Neuroscience and Alignment

I’ve been in many conversations where I’ve mentioned the idea of using neuroscience for outer alignment, and the people who I’m talking to usually seem pretty confused about why I would want to do that. Well, I’m confused about why one wouldn’t want to do that, and in this post I explain why.

As far as I see it, there are three main strategies people have for trying to deal with AI alignment in worlds where AI alignment is hard.

  1. Value alignment

  2. Corrigibility

  3. Control/​scalable alignment

In my opinion, these are all great efforts, but I personally like the idea of working on value alignment directly. Why? First some negatives of the others:

  1. Corrigibility requires moderate to extreme levels of philosophical deconfusion, an effort worth doing for some, but a very small set not including myself. Another negative of this approach is that by-default the robust solutions to the problems won’t be easily implementable in deep learning.

  2. Control/​scalable alignment requires understanding the capabilities & behaviors of inherently unpredictable systems. Sounds hard![1]

Why is value alignment different from these? Because we have working example of a value-aligned system right in front of us: The human brain. This permits an entirely scientific approach, requiring minimal philosophical deconfusion. And in contrast to corrigibility solutions, biological and artificial neural-networks are based upon the same fundamental principles, so there’s a much greater chance that insights from the one easily work in the other.

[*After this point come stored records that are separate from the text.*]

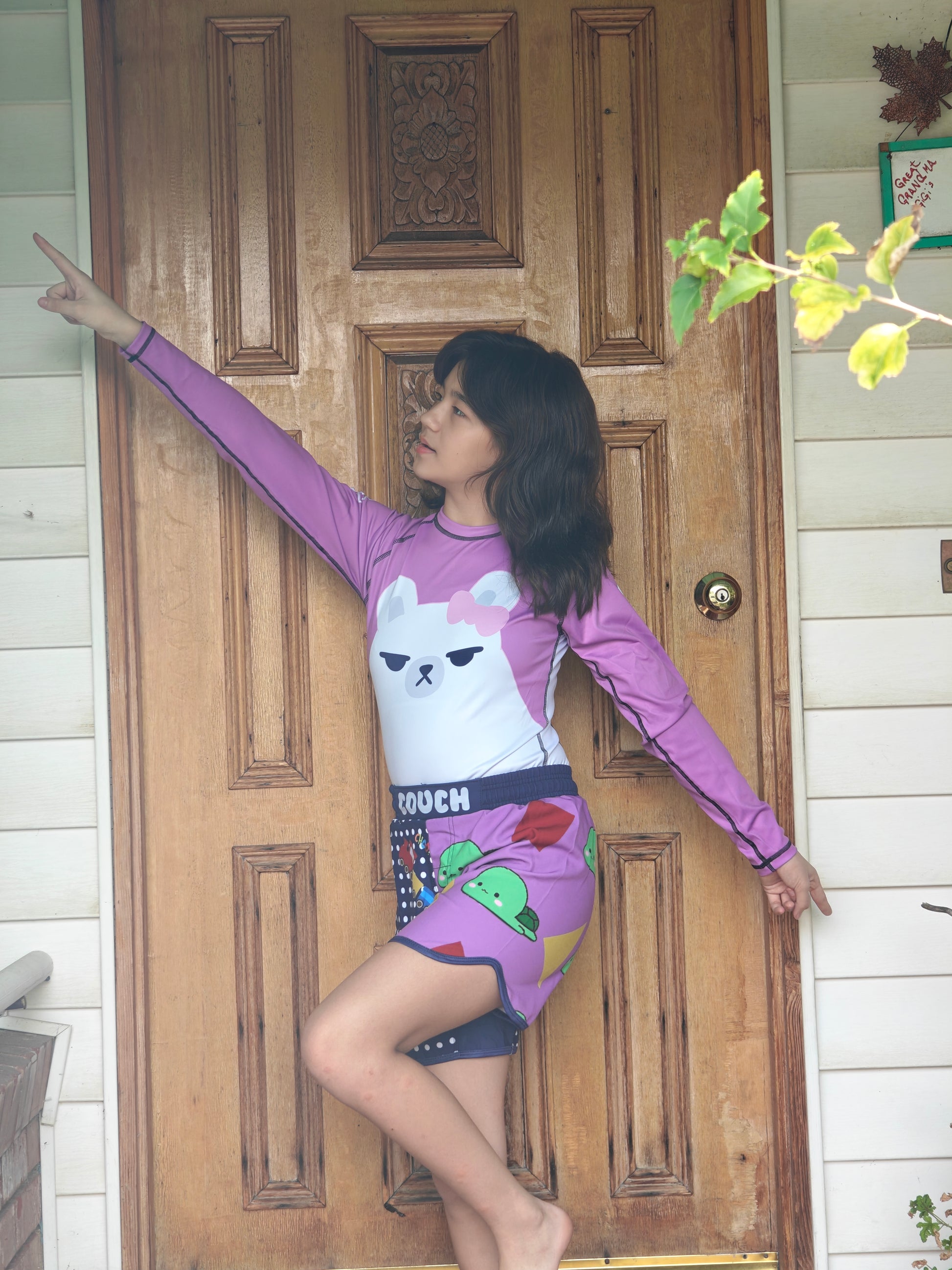 Enjoy the Demon Hunter Girls pajamas mixed together in a "We Want Couch" fusion. The duck on the sleeve makes a cute appearance in the movie. Can you find it? Guess you'll have to watch it again.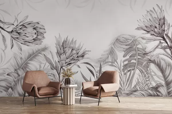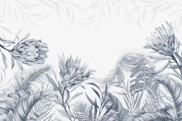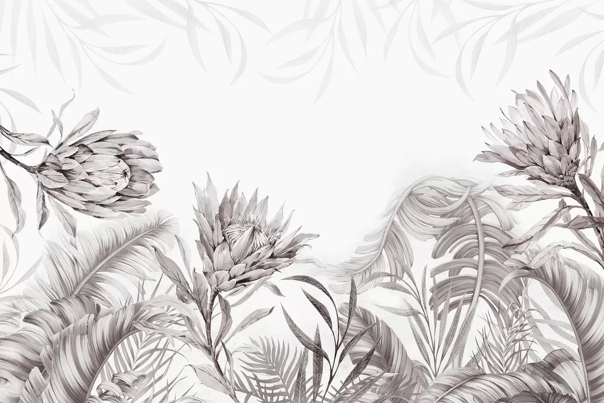 Valokuvatapetti Protea trooppisten lehtien keskellä Nr w03952v1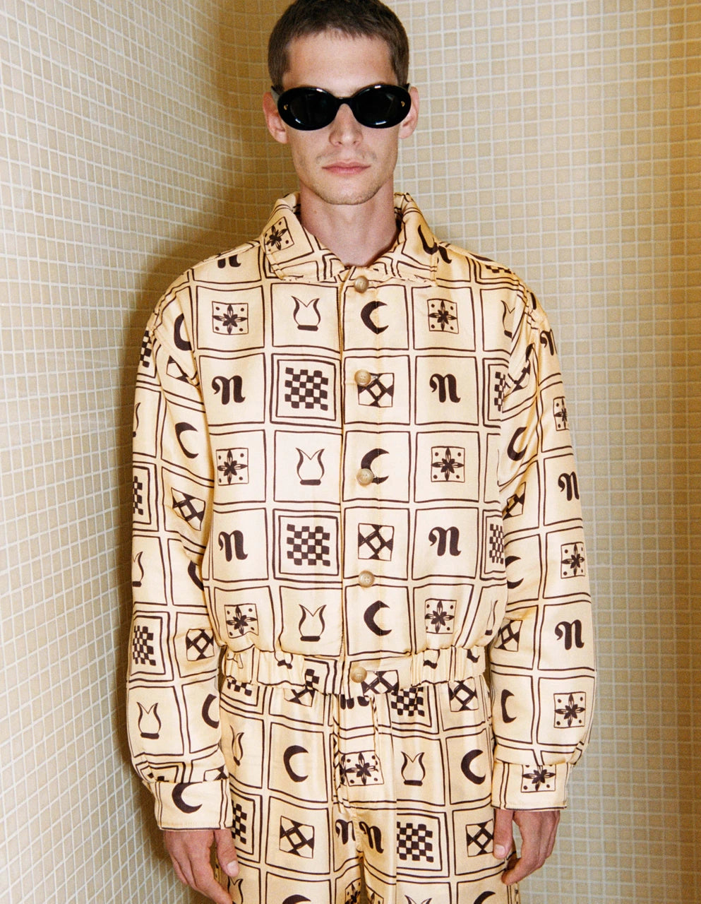 The presence of the atelier is felt in every Nanushka piece within theSpring/Summer 2023 collection. Titled Spirit and Matter, the newseason illustrates the physical process of craft and design; handcrafted elements co-exist with technical fabrics across the collection, exploring the interconnectivity of beauty and function. Nanushka’s intuitive and organic design approach leaves room for unintentional results such as distorted prints caused by draping, and new silhouettes created by versatile tying techniques.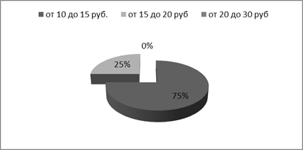 Таким образом, наиболее приемлемая цена с учетом ошибки выборки находиться в интервале от 12.79 до 14.71 рублей, при этом средняя цена, которую готовы отдать покупатели за товар установилась на уровне 15 рубль.

In the most perfect world, we would never touch corrigibility or control with a 10-foot stick, and instead once we realized the vast benefits and potential pitfalls of AGI, we’d get to work on decoding human values (or more likely the generators of human values) directly from the source.

Indeed, in worlds where control or scalable alignment go well, I expect the research area our AI minions will most prioritize is neuroscience. The AIs will likely be too dumb or have the wrong inductive biases to hold an entire human morality in their head, and even if they do, we don’t know whether they do, so we need them to demonstrate that their values are the same as our values in a way which can’t be gamed by exploiting our many biases or philosophical inadequacies. The best way to do that is through empiricism, directly studying & making predictions about the thing you’re trying to explain.

The thing is, we don’t need to wait until potentially transformative AGI in order to start doing that research, we can do it now! And even use presently existing AIs to help!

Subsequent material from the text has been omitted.